=== Section Start ===

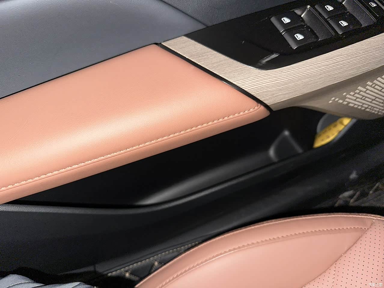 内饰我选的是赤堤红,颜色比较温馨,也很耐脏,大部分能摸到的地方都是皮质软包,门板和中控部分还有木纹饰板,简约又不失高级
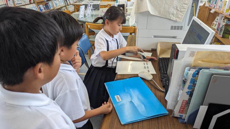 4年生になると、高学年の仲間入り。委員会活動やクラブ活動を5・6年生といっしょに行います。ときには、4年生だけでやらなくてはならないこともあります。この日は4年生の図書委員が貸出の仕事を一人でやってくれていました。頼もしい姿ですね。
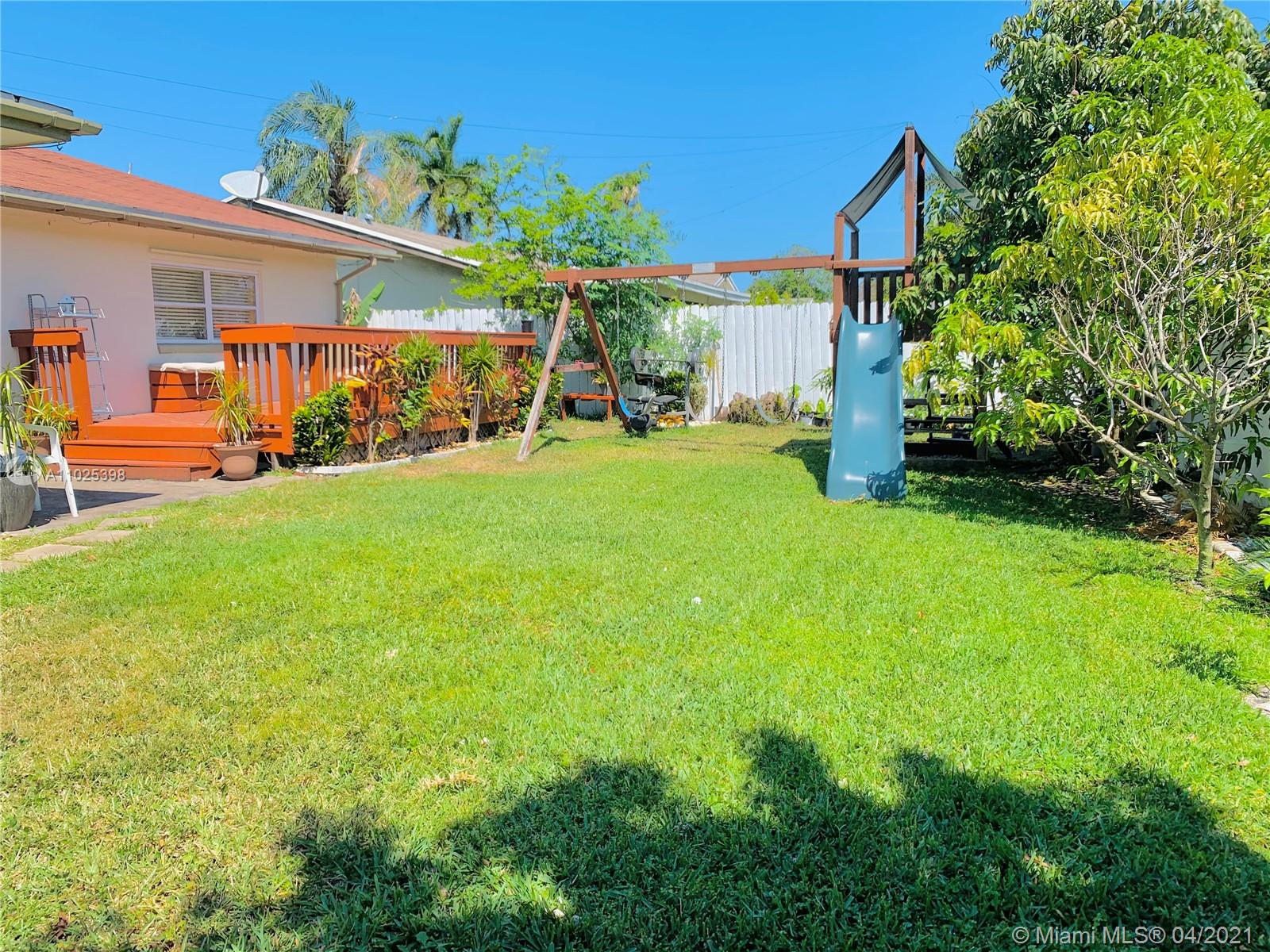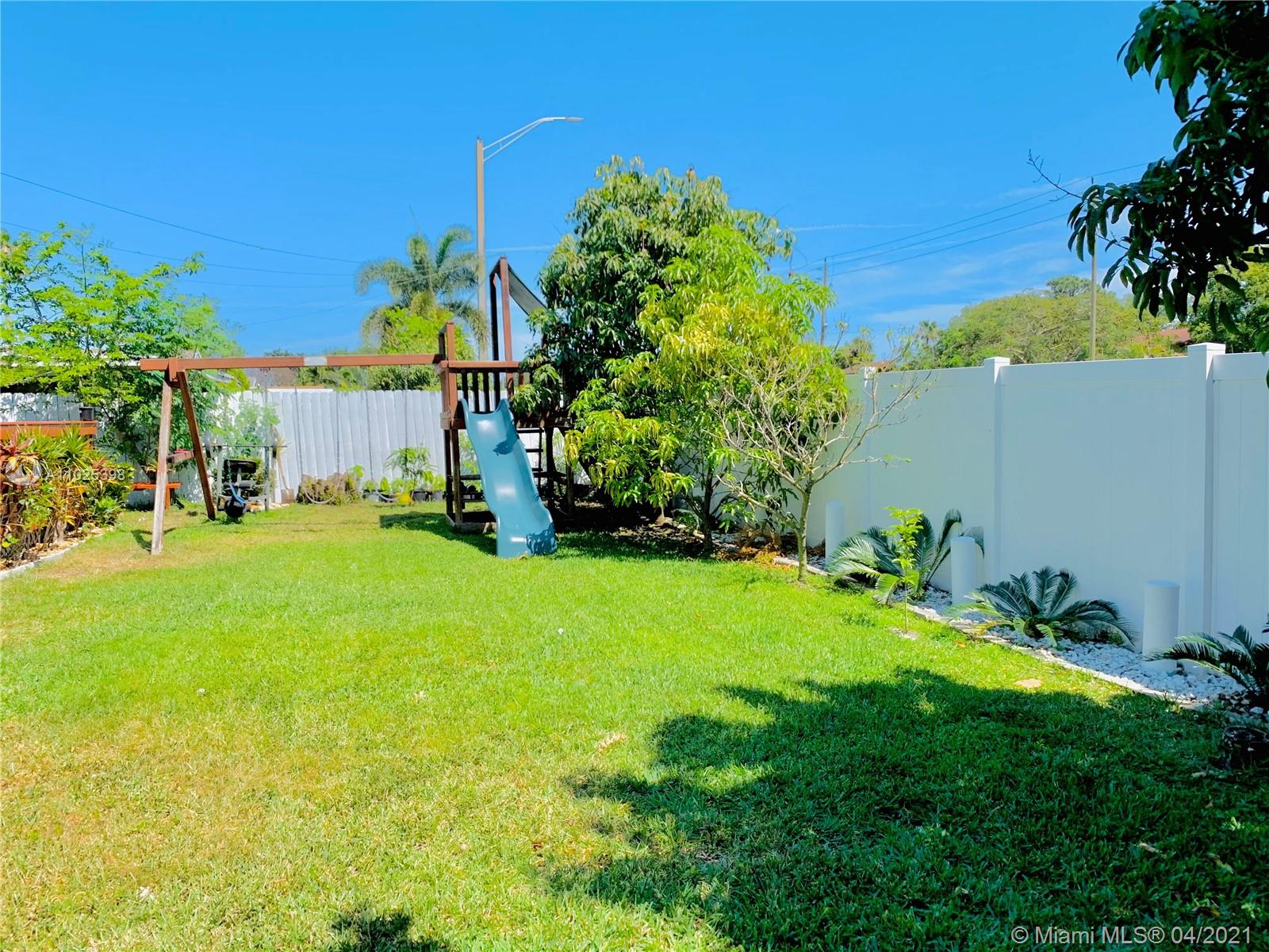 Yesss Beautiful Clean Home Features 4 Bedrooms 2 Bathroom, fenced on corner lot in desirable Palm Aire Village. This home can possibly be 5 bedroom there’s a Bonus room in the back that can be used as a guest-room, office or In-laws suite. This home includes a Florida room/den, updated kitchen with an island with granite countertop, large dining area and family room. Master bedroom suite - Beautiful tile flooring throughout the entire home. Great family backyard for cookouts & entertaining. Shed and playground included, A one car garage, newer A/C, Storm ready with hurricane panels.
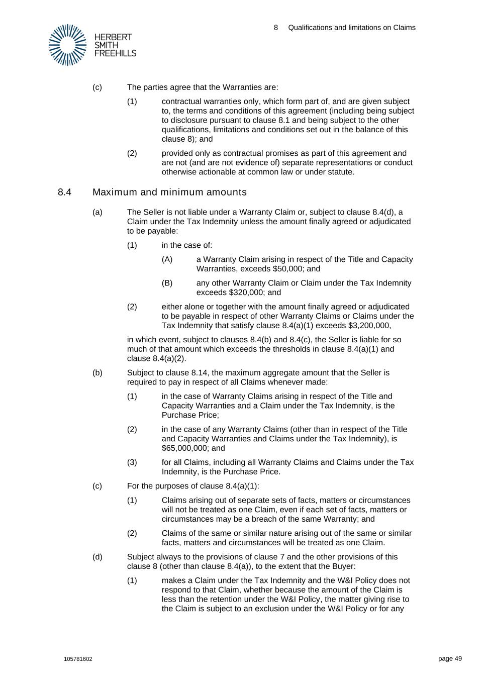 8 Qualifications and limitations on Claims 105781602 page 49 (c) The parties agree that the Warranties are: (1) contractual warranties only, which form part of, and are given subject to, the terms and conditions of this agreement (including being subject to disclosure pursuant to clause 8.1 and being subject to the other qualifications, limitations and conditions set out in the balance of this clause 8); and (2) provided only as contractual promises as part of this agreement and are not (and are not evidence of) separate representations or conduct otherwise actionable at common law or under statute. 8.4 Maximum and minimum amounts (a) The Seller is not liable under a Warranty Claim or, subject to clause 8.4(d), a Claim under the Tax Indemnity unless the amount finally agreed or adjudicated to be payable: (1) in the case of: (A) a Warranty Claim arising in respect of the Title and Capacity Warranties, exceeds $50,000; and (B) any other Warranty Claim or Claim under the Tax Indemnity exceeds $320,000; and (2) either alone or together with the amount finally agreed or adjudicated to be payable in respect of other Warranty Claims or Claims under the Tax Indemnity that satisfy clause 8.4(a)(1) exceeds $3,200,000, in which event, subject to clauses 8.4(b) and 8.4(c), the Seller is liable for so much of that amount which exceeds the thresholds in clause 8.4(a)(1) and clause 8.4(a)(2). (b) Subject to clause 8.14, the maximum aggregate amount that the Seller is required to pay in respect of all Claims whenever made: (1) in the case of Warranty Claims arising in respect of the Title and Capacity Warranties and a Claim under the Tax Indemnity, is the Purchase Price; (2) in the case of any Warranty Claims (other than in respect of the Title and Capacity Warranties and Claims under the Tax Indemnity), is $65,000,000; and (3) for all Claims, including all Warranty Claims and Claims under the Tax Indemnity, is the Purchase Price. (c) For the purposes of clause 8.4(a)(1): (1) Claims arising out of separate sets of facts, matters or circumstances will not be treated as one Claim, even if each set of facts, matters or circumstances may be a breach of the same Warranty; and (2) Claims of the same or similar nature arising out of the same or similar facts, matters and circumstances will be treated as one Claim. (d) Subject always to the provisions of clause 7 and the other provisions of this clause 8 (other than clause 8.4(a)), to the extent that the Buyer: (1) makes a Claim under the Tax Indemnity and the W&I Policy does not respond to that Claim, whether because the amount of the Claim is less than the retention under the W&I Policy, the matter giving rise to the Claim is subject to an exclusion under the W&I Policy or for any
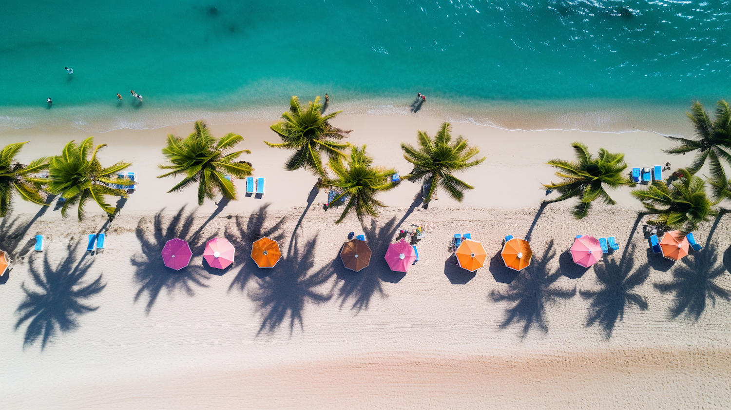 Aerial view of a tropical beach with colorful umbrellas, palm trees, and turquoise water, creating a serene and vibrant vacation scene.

=== Section End ===
=== Section Start ===

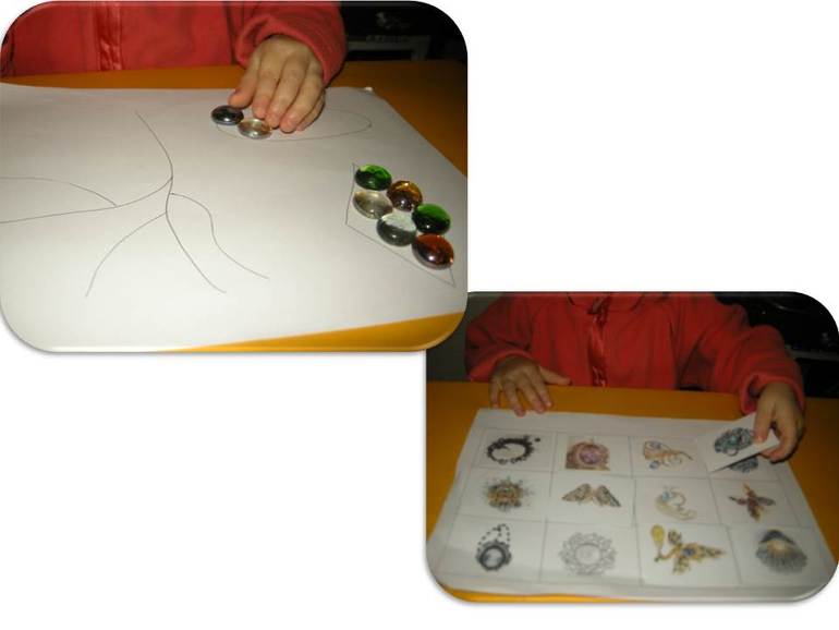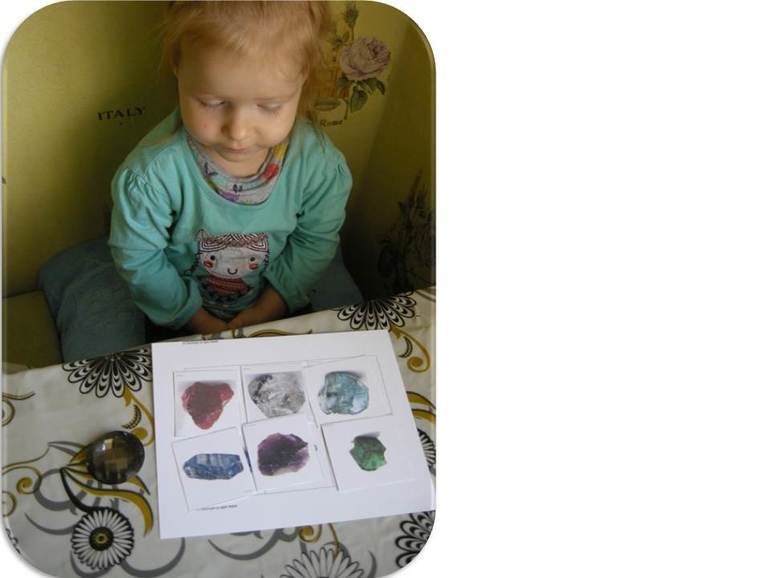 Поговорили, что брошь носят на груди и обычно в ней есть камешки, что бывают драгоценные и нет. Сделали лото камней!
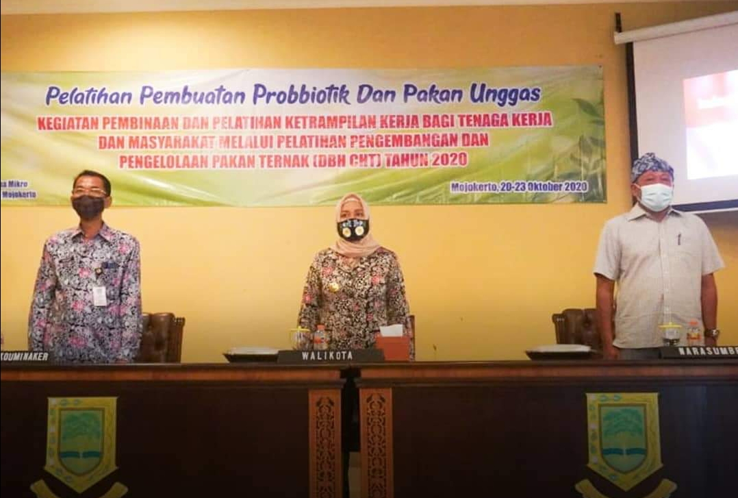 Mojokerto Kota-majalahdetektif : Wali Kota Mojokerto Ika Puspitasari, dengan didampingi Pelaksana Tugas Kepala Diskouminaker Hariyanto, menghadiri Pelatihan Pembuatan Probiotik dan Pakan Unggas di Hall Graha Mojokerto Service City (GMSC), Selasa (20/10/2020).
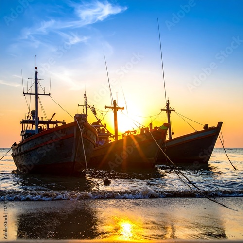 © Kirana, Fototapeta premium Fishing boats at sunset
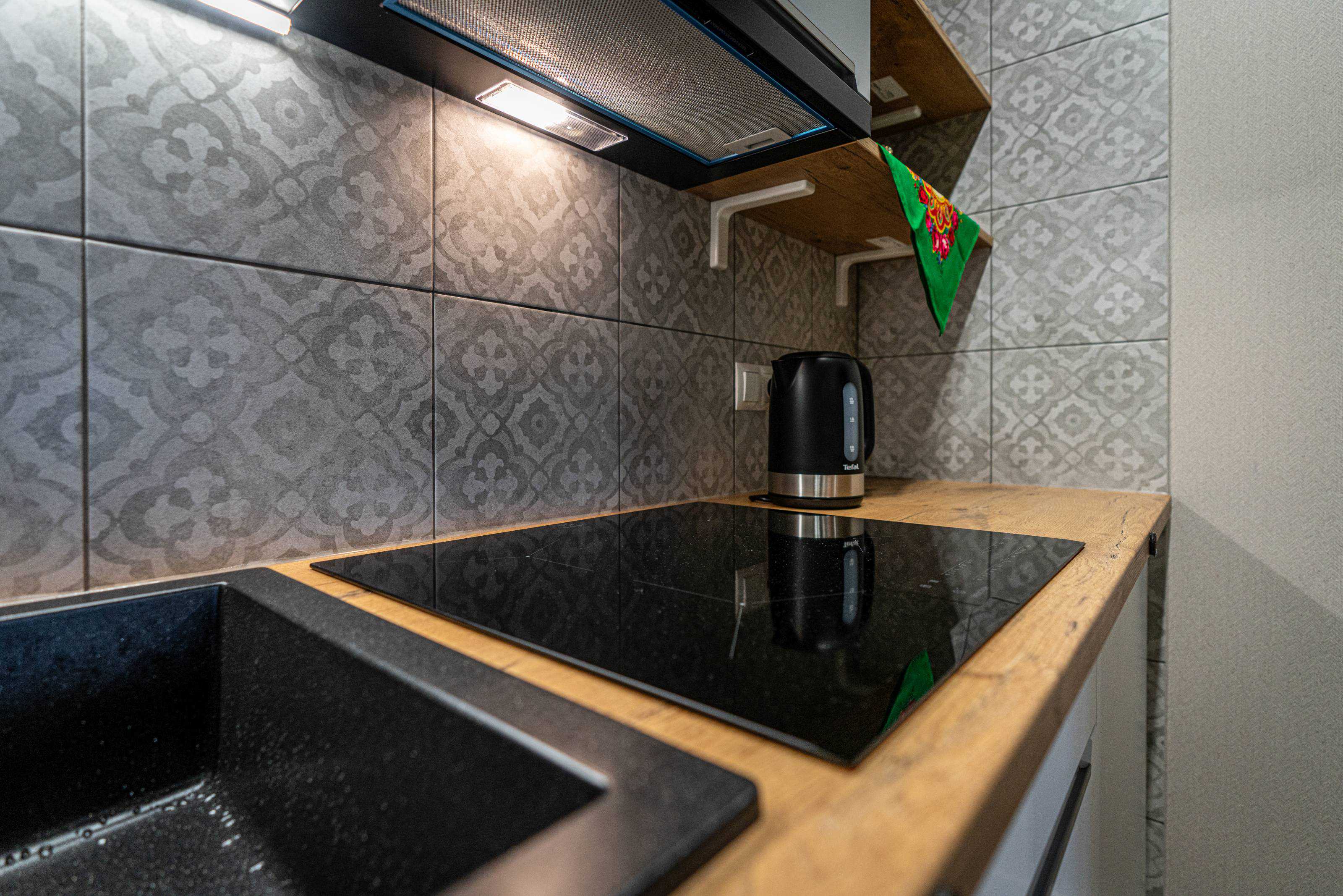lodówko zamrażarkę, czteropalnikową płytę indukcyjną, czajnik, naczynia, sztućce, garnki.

=== Section End ===

• Directions
Produce an exact reproduction of the listing above, limited to the lines starting at the line with "内饰我选的是赤堤红,颜色比较" and ending at the line with "4年生になると、高学年の仲間", both kept, with every picture left out.

• Task output
 内饰我选的是赤堤红,颜色比较温馨,也很耐脏,大部分能摸到的地方都是皮质软包,门板和中控部分还有木纹饰板,简约又不失高级
 4年生になると、高学年の仲間入り。委員会活動やクラブ活動を5・6年生といっしょに行います。ときには、4年生だけでやらなくてはならないこともあります。この日は4年生の図書委員が貸出の仕事を一人でやってくれていました。頼もしい姿ですね。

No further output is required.